Get artifacts as a flat list regardless of schema version.

Parameters:: manifest – Manifest dictionary
Returns:: List of artifact metadata dictionaries

get_latest_execution_trace(pipeline_id: str) → ExecutionTrace | None[source]

Get the most recent execution trace for a pipeline.

Parameters:: pipeline_id – Pipeline ID
Returns:: Most recent ExecutionTrace or None if none exist

get_next_pipeline_number(run_dir: Path | None = None) → int[source]

Get next sequential pipeline number for workspace runs.

Counts existing pipeline directories (excludes _binaries).

Parameters:: run_dir – Run directory to count pipelines in. If None, uses results_dir.
Returns:: Next number (e.g., 1, 2, 3…)

get_pipeline_path(pipeline_id: str) → Path[source]

Get the directory path for a pipeline.

Parameters:: pipeline_id – Pipeline ID
Returns:: Path to pipeline directory

static get_schema_version(manifest: Dict[str, Any]) → str[source]

Detect manifest schema version.

Parameters:: manifest – Manifest dictionary
Returns:: Schema version string (“1.0” or “2.0”)

list_all_pipelines() → List[Dict[str, Any]][source]

List all pipelines in this run.

Returns:: List of pipeline info dictionaries

list_execution_traces(pipeline_id: str) → List[str][source]

List all execution trace IDs for a pipeline.

Parameters:: pipeline_id – Pipeline ID
Returns:: List of trace IDs

list_pipelines() → List[str][source]

List all pipeline IDs in this run.

Returns:: List of pipeline IDs (e.g., [“0001_abc123”, “0002_def456”])

load_execution_trace(pipeline_id: str, trace_id: str) → ExecutionTrace | None[source]

Load a specific execution trace from the pipeline manifest.

Parameters:

pipeline_id – Pipeline ID
trace_id – Trace ID to load

Returns:

ExecutionTrace instance or None if not found

load_manifest(pipeline_id: str) → dict[source]

Load manifest YAML file.

Parameters:: pipeline_id – Pipeline ID (e.g., “0001_abc123”)
Returns:: Manifest dictionary
Raises:: FileNotFoundError – If manifest doesn’t exist

pipeline_exists(pipeline_id: str) → bool[source]

Check if a pipeline exists.

Parameters:: pipeline_id – Pipeline ID
Returns:: True if manifest exists

save_execution_trace(pipeline_id: str, trace: ExecutionTrace) → None[source]

Save an execution trace to the pipeline manifest.

Execution traces record the exact path through the pipeline that produced a prediction, enabling deterministic replay for prediction, transfer, and export.

Parameters:

pipeline_id – Pipeline ID
trace – ExecutionTrace instance to save

Note

The trace is stored in the manifest under “execution_traces” keyed by trace_id.

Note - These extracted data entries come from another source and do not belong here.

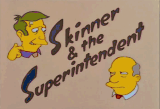 Skinner with his crazy explanations The superintendent's gonna need his medication When he hears Skinner's lame exaggerations There'll be trouble in town tonight Seymour!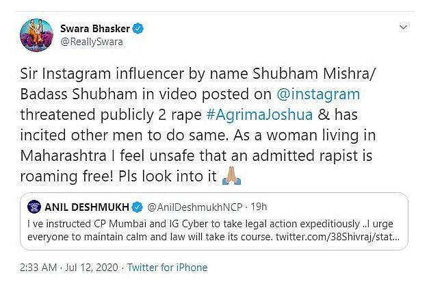 ಆದರೆ ಬೆದರಿಕೆಗಳು ನಿಂತಿಲ್ಲ ಎನ್ನಲಾಗಿದ್ದು, ಯೂಟ್ಯೂಬ್‌ನಲ್ಲಿ ಭಾರಿ ಅನುಯಾಯಿಗಳನ್ನು ಹೊಂದಿರುವ ಸಾಮಾಜಿಕ ಜಾಲತಾಣ ಬಳಕೆದಾರ ಶುಭಮ್ ಮಿಶ್ರಾ ಅಸಭ್ಯ ಭಾಷೆ ಬಳಸಿ ಮತ್ತು ಜೋಶುವಾ ವಿರುದ್ಧ ಅತ್ಯಾಚಾರ ಬೆದರಿಕೆ ಹಾಕುವ ವೀಡಿಯೊವನ್ನು ಪೋಸ್ಟ್ ಮಾಡಿದ್ದಾರೆ. ಜುಲೈ 12 ರ ಭಾನುವಾರ ವಡೋದರಾ ಪೊಲೀಸರು ಈ ವಿಷಯದಲ್ಲಿ ಸ್ವಯಂ ಪ್ರೇರಿತ ಕ್ರಮ ಕೈಗೊಂಡು, ಮಿಶ್ರಾ ಅವರನ್ನು ವಶಕ್ಕೆ ಪಡೆದಿದ್ದಾರೆ ಎಂದು ಹೇಳಿದರು. ಈ ವಿಷಯದಲ್ಲಿ ಶೀಘ್ರದಲ್ಲೇ ಎಫ್‌ಐಆರ್ ದಾಖಲಿಸುವ ಸಾಧ್ಯತೆ ಇದೆ.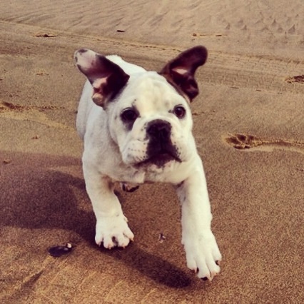 My English Bulldog pup Baxter, running on the beach.
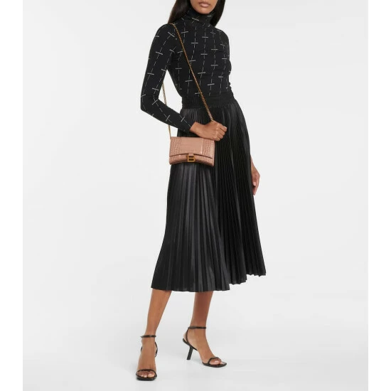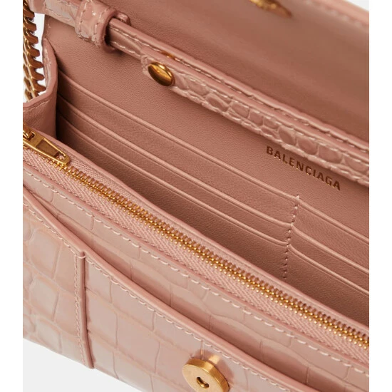 There is no better way to complement Balenciaga’s arch Hourglass blazers than with a contoured wallet on chain of the same name. This compact iteration comes in croc-embossed warm beige leather, with antiqued hardware to match and six internal card slots.
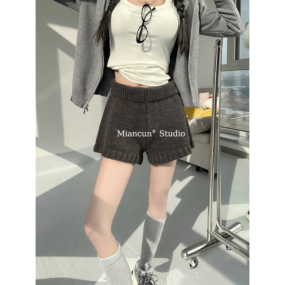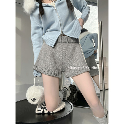 MICN韩系针织短裤女秋冬新款ins博主风宽松显腿长叠穿毛线休闲裤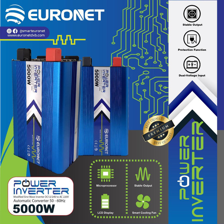 از این جهت وجود وسیله ایی مثل اینورتر این امکان را به ما میدهد تا براحتی برق خوردو را به برق شهری تبدیل کنیم. یعنی تبدیل برق 12 و 24 ولت به 220 ولت شهری است. مبدل برق خودرو 5000 وات 12/24 ولت به 220 ولت برند یورونت از اینورترهای بسیار خوشنام برای تبدیل برق 12 ولت خودرو به برق 220 ولت شهر میباشد. این یک اینورتر با طراحی منحصر به فرد می باشد و قادر است ولتاژ باتری را به صورت اتوماتیک شناسایی کرده و برای هر دو حالت 12 یا 24 ولت مورد استفاده قرار گیرد. نمایشگر گرافیکی پیشرفته ای دارد که پارامترهای اصلی مورد نیاز برای کنترل ورودی و خروجی شامل ولتاژ باتری، ولتاژ خروجی و توان مصرفی را نمتیش میدهد.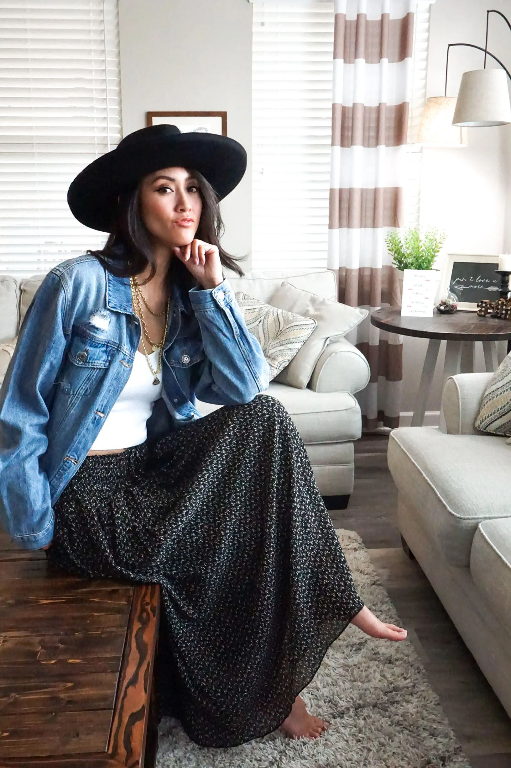 Stay cool and stylish with our CRINKLE FABRIC FLORAL PRINT SMOCKED MIDI SKIRT. Made with lightweight and breathable crinkle chiffon fabric, this midi skirt is perfect for warm weather. The smocked waistband, drawstring tassel ties, and full lining provide a comfortable and flattering fit. Perfect for pairing with crop tops or tanks for a trendy summer look.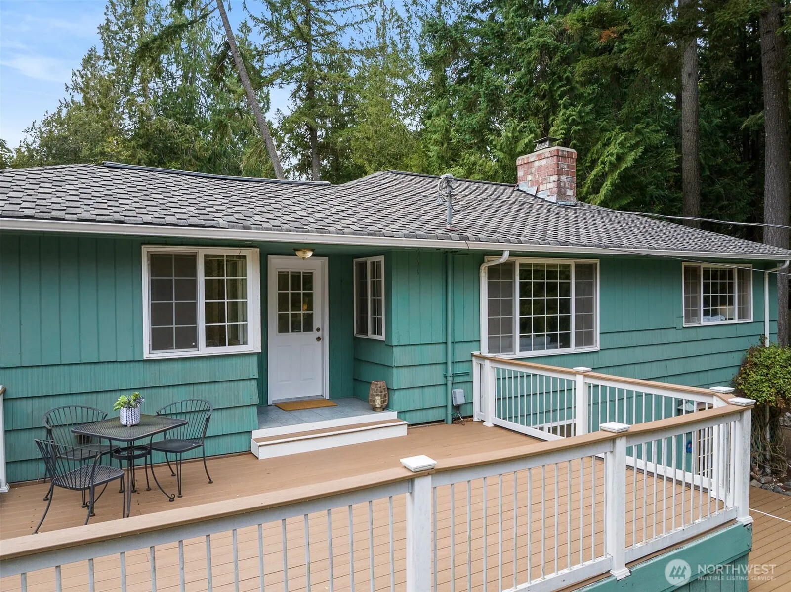 Experience one of the best values on Bainbridge Island. Beautifully maintained and full of charm, this home offers two complete living spaces just 10 minutes from Winslow and the ferry. Upstairs features three comfortable bedrooms and welcoming, light-filled gathering areas. Downstairs lives like its own private suite with a separate entrance, bedroom-sized flex space, full kitchen, and fireplace. With two fenced yards, distinct decks, and a spacious lawn, it’s ideal for multi-generational living, rental potential, or extended guest stays.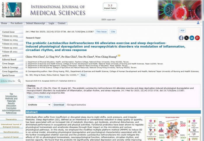 【記者張文一嘉義報導】嘉義大學體育與健康休閒學系陳建瑋助理教授,攜手臺北護理健康大學、臺北教育大學及中興大學研究團隊,近期於國際知名醫學期刊《International Journal of Medical Sciences》發表最新研究成果。研究團隊成功證實,補充益生菌K6能有效減輕憂鬱與焦慮症狀,改善葡萄糖耐受性及耐力運動表現;此外,更能透過降低發炎反應、調節晝夜節律基因及緩解壓力來全面提升整體健康。
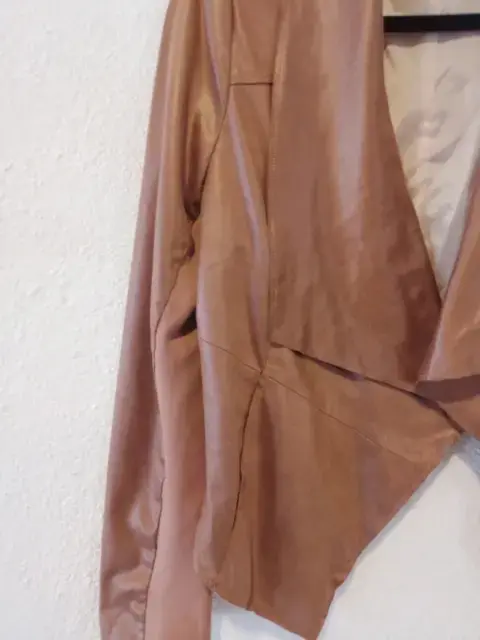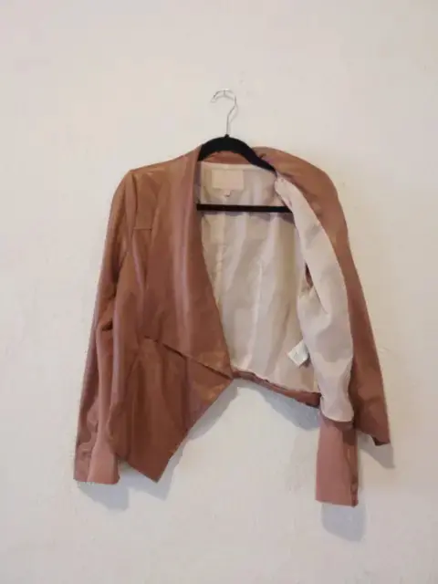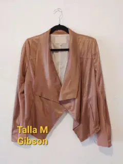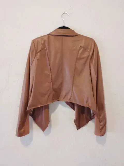 Blazer Vinipiel Asimétrico tono café claro, forro interno, poliéster y rayó, talla mediana, sin detalles.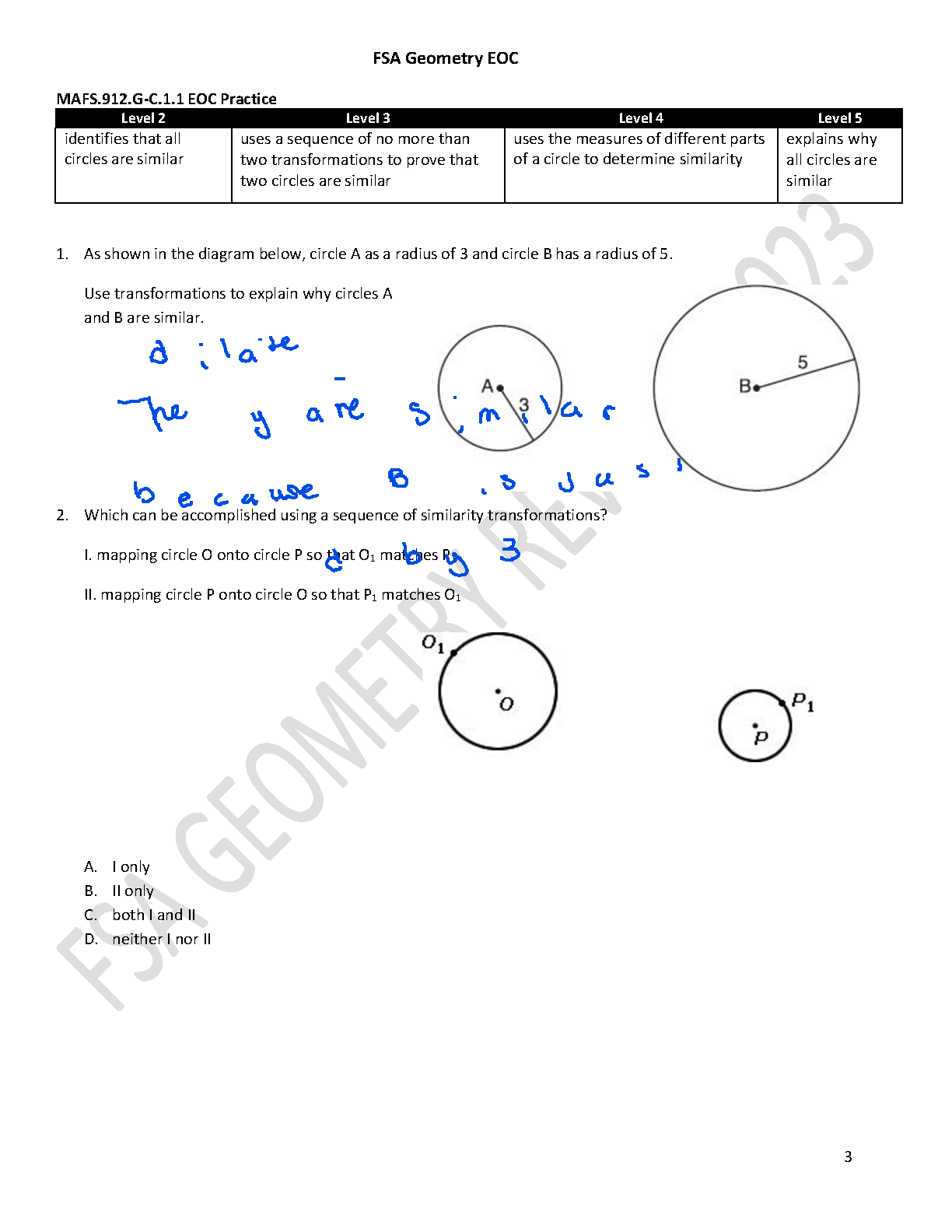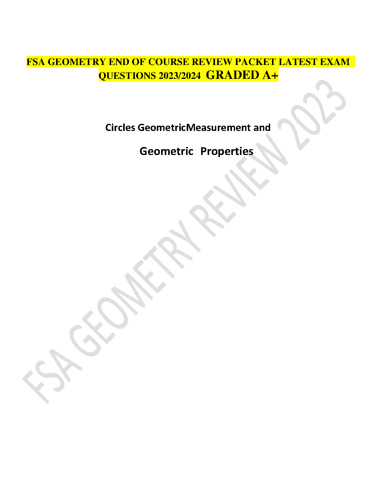 FSA Geometry End of Course Review Packet 2023/2024: Latest Exam Questions Graded A+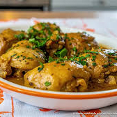 Deliciosa marmita de pintando ao molho com arroz e batata frita.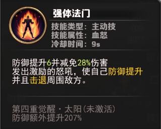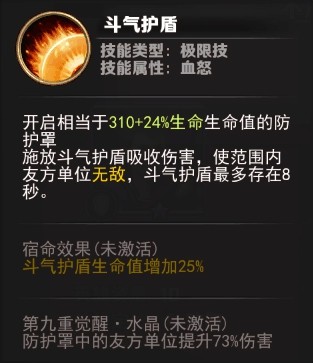 坦克常有的技能,增加防御并减伤,和其他坦克角色相比没有什么特别之处。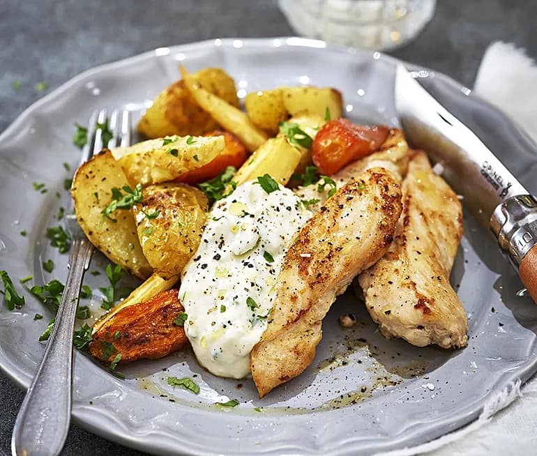 Kyckling med klyftpotatis och basilikakräm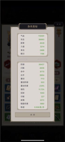 3、依次点击门派——当值长老、江湖——百晓生居、江湖——通宝阁、江湖——庆余堂、江湖——丰泽坊获取大侠之路章节,在庆余堂中购买绿色装备寒玉带和九宫坠后装备(也可购买其他装备),前往地图——关中,直接击败boss或清空地图,找到蓝色的出口返回,此时可以集齐大侠之路前十章,获得秘笈归元心经,增加内力修炼速度53点/12秒。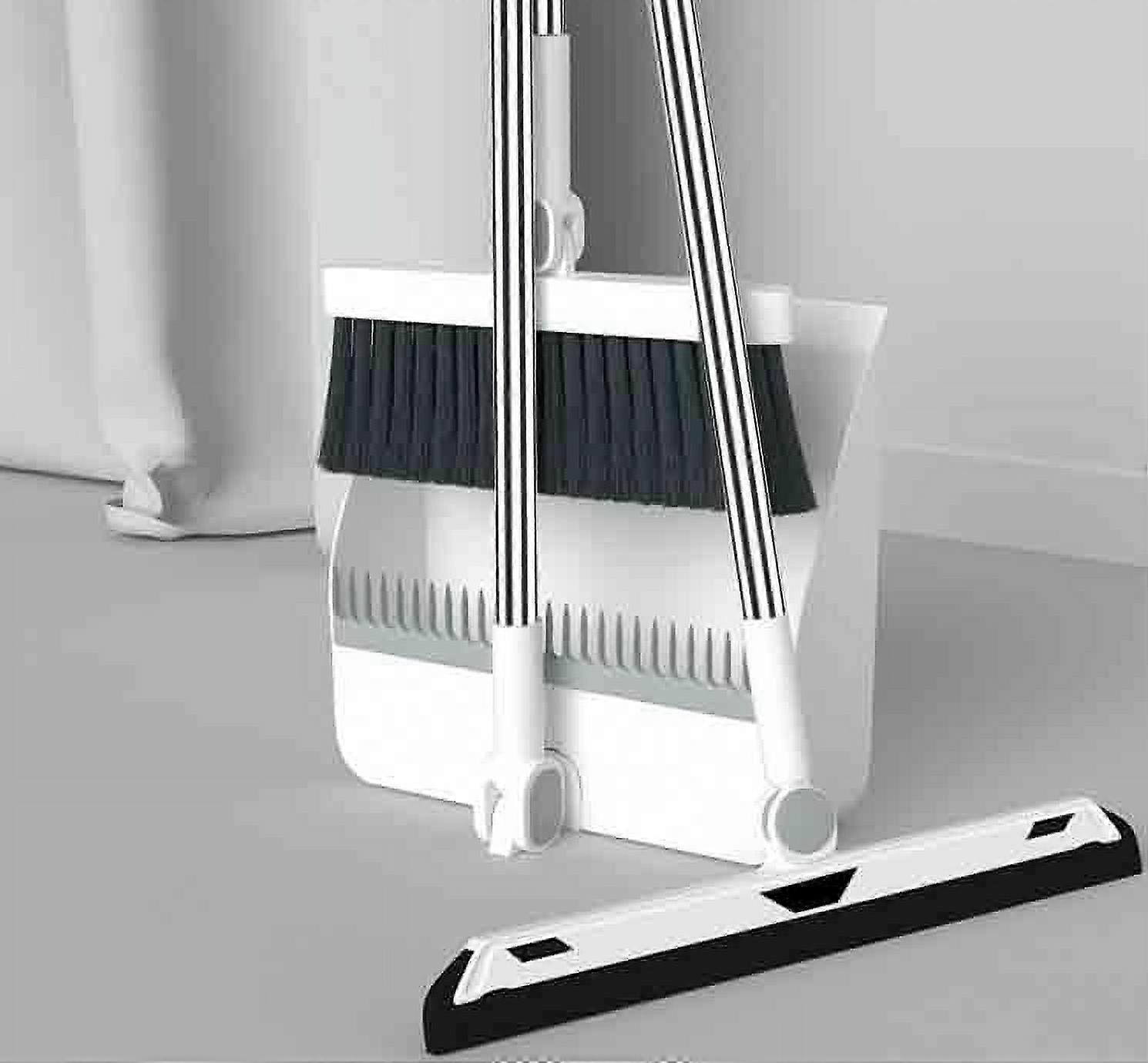 Quinlirra Broom and Dustpan Set with Long Handle, Heavy Duty Stainless Steel Standing Broom for Home Kitchen Use

save_manifest(pipeline_id: str, manifest: dict) → None[source]

Save manifest YAML file.

Parameters:

pipeline_id – Pipeline ID (e.g., “0001_abc123”)
manifest – Complete manifest dictionary

update_manifest(pipeline_id: str, updates: dict) → None[source]

Update specific fields in a manifest.

Parameters:

pipeline_id – Pipeline ID
updates – Dictionary of fields to update

upgrade_manifest_to_v2(pipeline_id: str) → None[source]

Upgrade a v1 manifest to v2 format in place.

Parameters:: pipeline_id – Pipeline ID to upgrade

class nirs4all.pipeline.storage.PipelineLibrary(workspace_path: Path)[source]

Bases: object

Manages reusable pipeline templates in the workspace library.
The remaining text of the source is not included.